Work to be completed:
Only the lines of the listing below that run from the line with "從表3可以看出,改造后生產(chǎn)P" through the line with "Mini Cable Clics" are to be set down, word for word. Pictures stay out.

Supplied records:
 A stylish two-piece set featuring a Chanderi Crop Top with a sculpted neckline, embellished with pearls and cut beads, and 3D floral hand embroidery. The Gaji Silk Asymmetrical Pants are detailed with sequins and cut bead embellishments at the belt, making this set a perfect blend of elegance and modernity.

...

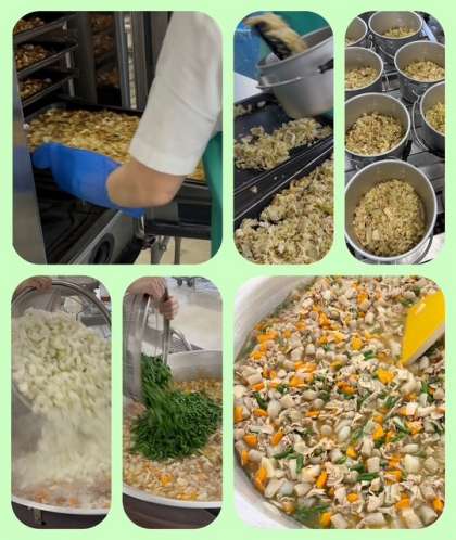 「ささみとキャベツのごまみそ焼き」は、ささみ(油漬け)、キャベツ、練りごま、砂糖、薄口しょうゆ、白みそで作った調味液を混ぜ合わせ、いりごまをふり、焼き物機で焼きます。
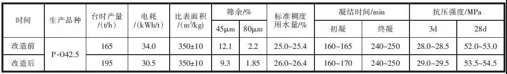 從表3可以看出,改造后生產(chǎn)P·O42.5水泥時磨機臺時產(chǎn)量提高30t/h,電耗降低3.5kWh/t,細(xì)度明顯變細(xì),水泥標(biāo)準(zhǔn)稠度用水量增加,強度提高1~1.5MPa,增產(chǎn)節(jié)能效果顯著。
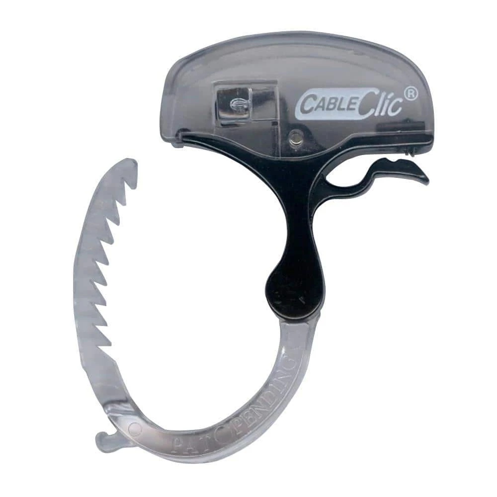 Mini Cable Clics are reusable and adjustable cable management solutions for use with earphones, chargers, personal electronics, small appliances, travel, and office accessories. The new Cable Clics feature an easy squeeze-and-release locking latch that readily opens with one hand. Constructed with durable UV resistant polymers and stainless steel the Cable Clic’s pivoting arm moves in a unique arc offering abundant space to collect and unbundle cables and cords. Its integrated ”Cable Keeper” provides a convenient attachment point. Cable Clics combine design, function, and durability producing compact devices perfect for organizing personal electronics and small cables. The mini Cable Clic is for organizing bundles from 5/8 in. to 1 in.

Your solution:
 從表3可以看出,改造后生產(chǎn)P·O42.5水泥時磨機臺時產(chǎn)量提高30t/h,電耗降低3.5kWh/t,細(xì)度明顯變細(xì),水泥標(biāo)準(zhǔn)稠度用水量增加,強度提高1~1.5MPa,增產(chǎn)節(jié)能效果顯著。
 Mini Cable Clics are reusable and adjustable cable management solutions for use with earphones, chargers, personal electronics, small appliances, travel, and office accessories. The new Cable Clics feature an easy squeeze-and-release locking latch that readily opens with one hand. Constructed with durable UV resistant polymers and stainless steel the Cable Clic’s pivoting arm moves in a unique arc offering abundant space to collect and unbundle cables and cords. Its integrated ”Cable Keeper” provides a convenient attachment point. Cable Clics combine design, function, and durability producing compact devices perfect for organizing personal electronics and small cables. The mini Cable Clic is for organizing bundles from 5/8 in. to 1 in.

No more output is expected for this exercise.